» **Task instructions**: The listing, minus its pictures, is to be given again exactly.

[[ Given material open ]]

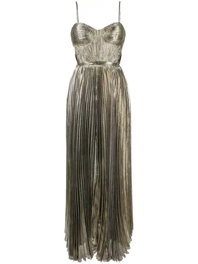 gold-tone silver-tone metallic finish lurex detailing fully pleated adjustable spaghetti straps square neck cut-out detailing rear tie fastening asymmetric hem floor-length
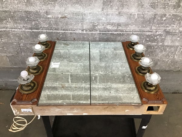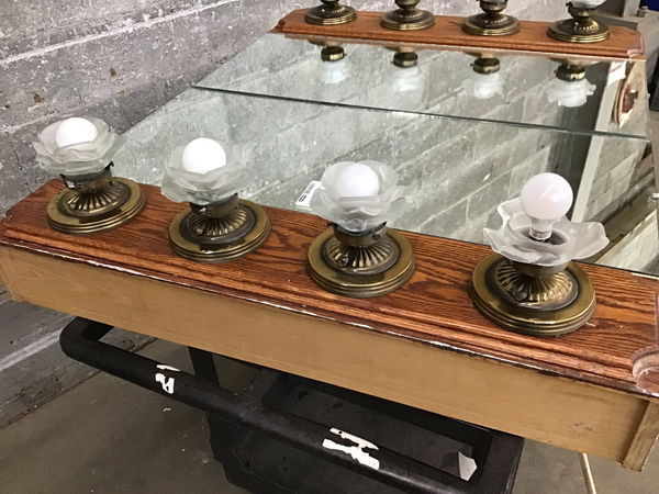 Here we have a very bold oak medicine cabinet with two full mirrored doors, and a total of 8 lights each with semi opaque flowery glass shades. Some of the shades are broken, but the organic nature of the shade shape does well to conceal this. Includes glass repositionable shelves.
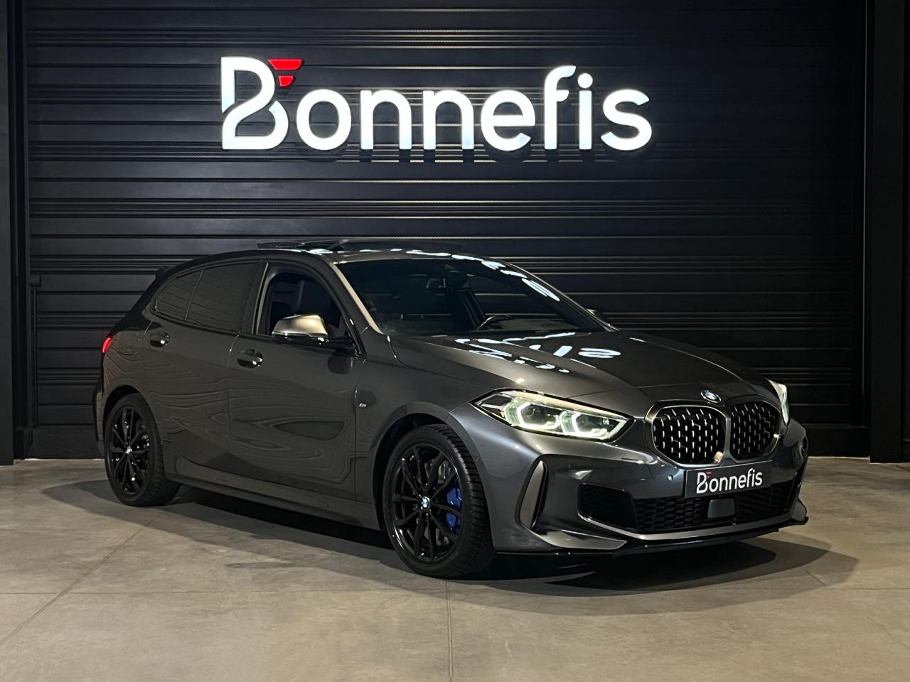 BMW Serie 1 M 135 i 135i F 40 F40 xDrive X drive 306 ch BVA8, gris métallisée, 19 cv, 5 portes, première mise en circulation le 05/02/2020.

[[ Given material closed ]]

» **Answer below**:
 gold-tone silver-tone metallic finish lurex detailing fully pleated adjustable spaghetti straps square neck cut-out detailing rear tie fastening asymmetric hem floor-length
 Here we have a very bold oak medicine cabinet with two full mirrored doors, and a total of 8 lights each with semi opaque flowery glass shades. Some of the shades are broken, but the organic nature of the shade shape does well to conceal this. Includes glass repositionable shelves.
 BMW Serie 1 M 135 i 135i F 40 F40 xDrive X drive 306 ch BVA8, gris métallisée, 19 cv, 5 portes, première mise en circulation le 05/02/2020.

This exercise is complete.